• [EXERCISE DESCRIPTION] Pictures stay out; please output the remaining data exactly.

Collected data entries
========================================================================

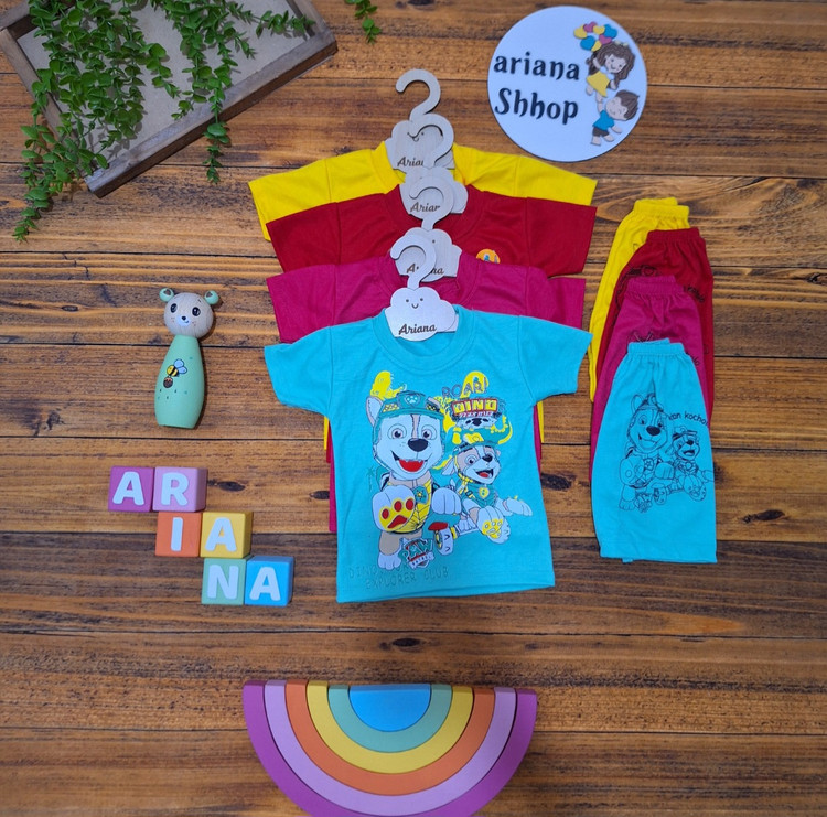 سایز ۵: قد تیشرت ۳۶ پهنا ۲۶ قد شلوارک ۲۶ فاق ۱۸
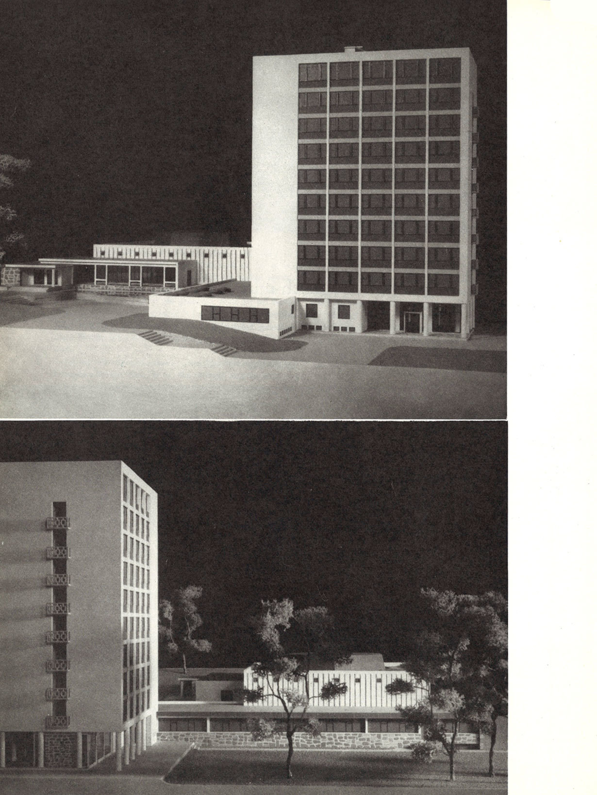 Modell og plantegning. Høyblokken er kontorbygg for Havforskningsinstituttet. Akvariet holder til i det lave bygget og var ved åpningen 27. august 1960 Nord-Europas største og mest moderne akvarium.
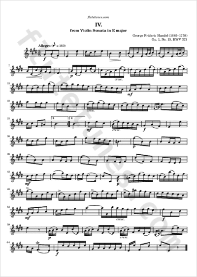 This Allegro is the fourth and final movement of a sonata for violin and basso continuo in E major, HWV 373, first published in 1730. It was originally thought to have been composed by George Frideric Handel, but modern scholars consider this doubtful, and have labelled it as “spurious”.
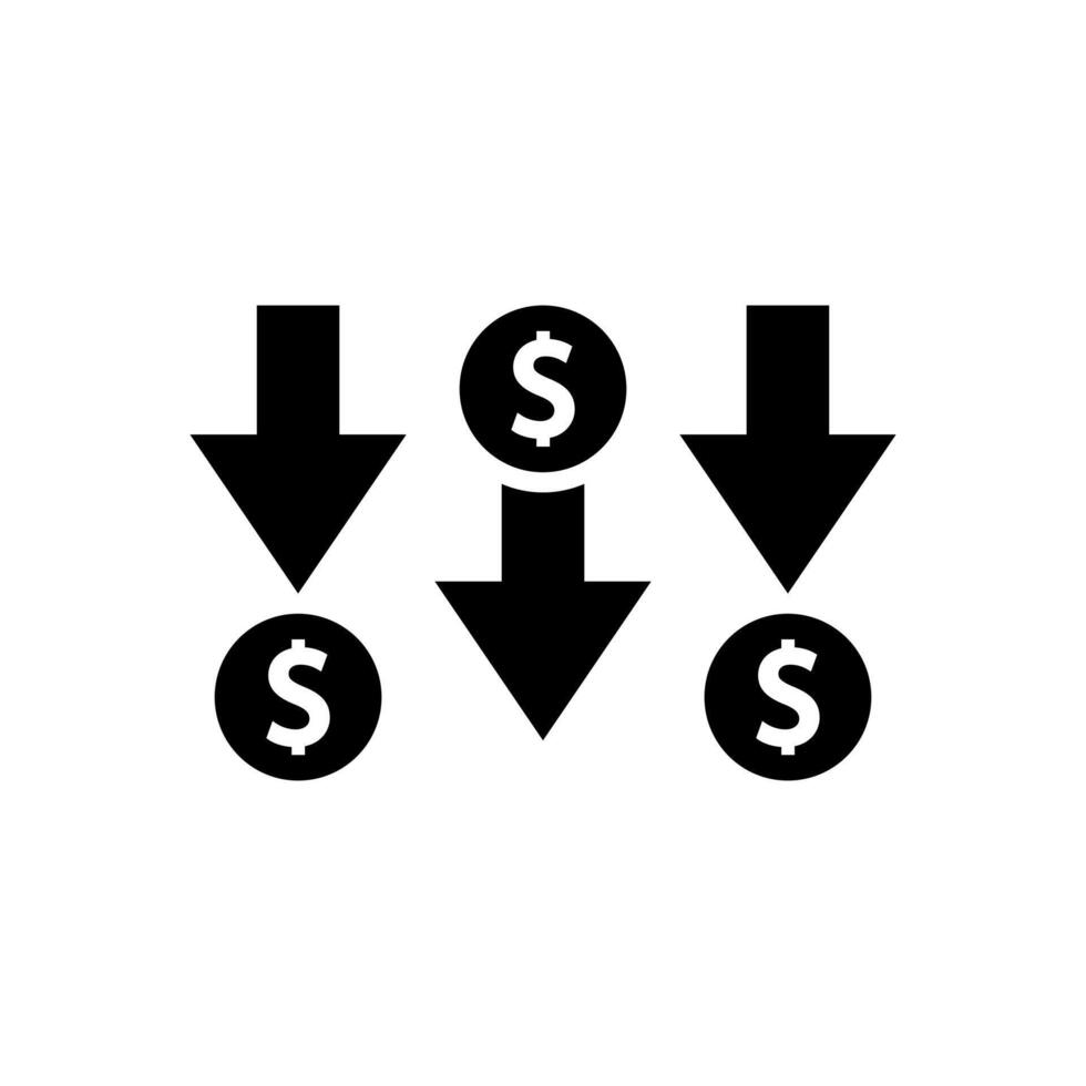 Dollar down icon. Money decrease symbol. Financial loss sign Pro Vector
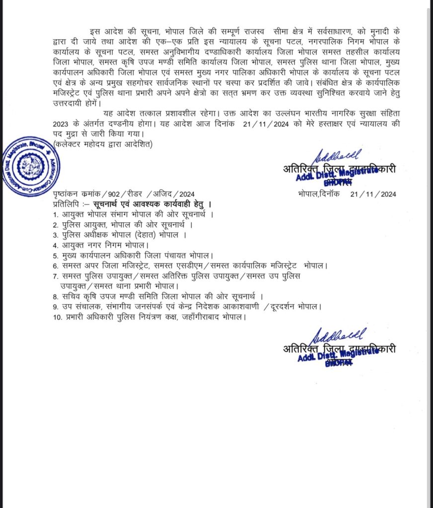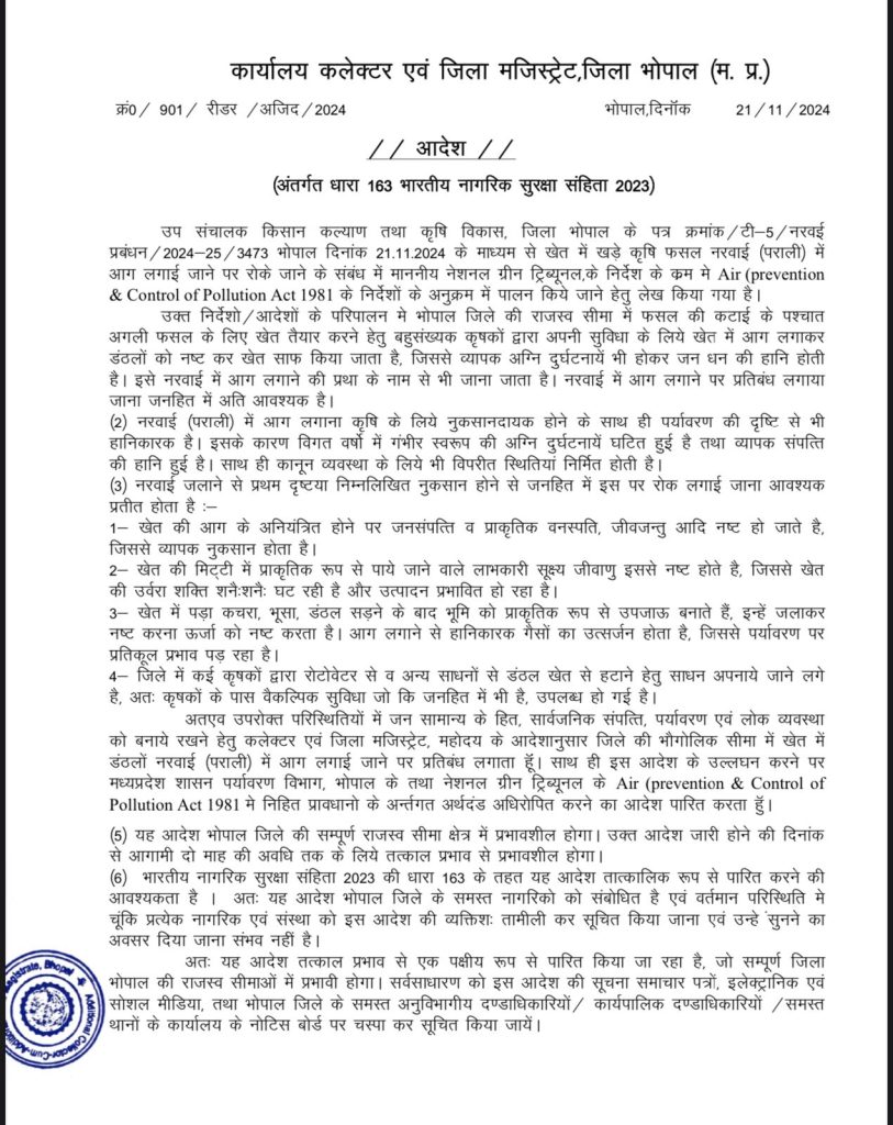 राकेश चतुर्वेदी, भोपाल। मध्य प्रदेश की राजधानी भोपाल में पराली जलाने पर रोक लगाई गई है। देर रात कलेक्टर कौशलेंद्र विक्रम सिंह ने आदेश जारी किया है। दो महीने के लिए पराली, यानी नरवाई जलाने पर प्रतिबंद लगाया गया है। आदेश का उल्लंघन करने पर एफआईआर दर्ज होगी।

========================================================================

• [WRITTEN ANSWER]
 سایز ۵: قد تیشرت ۳۶ پهنا ۲۶ قد شلوارک ۲۶ فاق ۱۸
 Modell og plantegning. Høyblokken er kontorbygg for Havforskningsinstituttet. Akvariet holder til i det lave bygget og var ved åpningen 27. august 1960 Nord-Europas største og mest moderne akvarium.
 This Allegro is the fourth and final movement of a sonata for violin and basso continuo in E major, HWV 373, first published in 1730. It was originally thought to have been composed by George Frideric Handel, but modern scholars consider this doubtful, and have labelled it as “spurious”.
 Dollar down icon. Money decrease symbol. Financial loss sign Pro Vector
 राकेश चतुर्वेदी, भोपाल। मध्य प्रदेश की राजधानी भोपाल में पराली जलाने पर रोक लगाई गई है। देर रात कलेक्टर कौशलेंद्र विक्रम सिंह ने आदेश जारी किया है। दो महीने के लिए पराली, यानी नरवाई जलाने पर प्रतिबंद लगाया गया है। आदेश का उल्लंघन करने पर एफआईआर दर्ज होगी।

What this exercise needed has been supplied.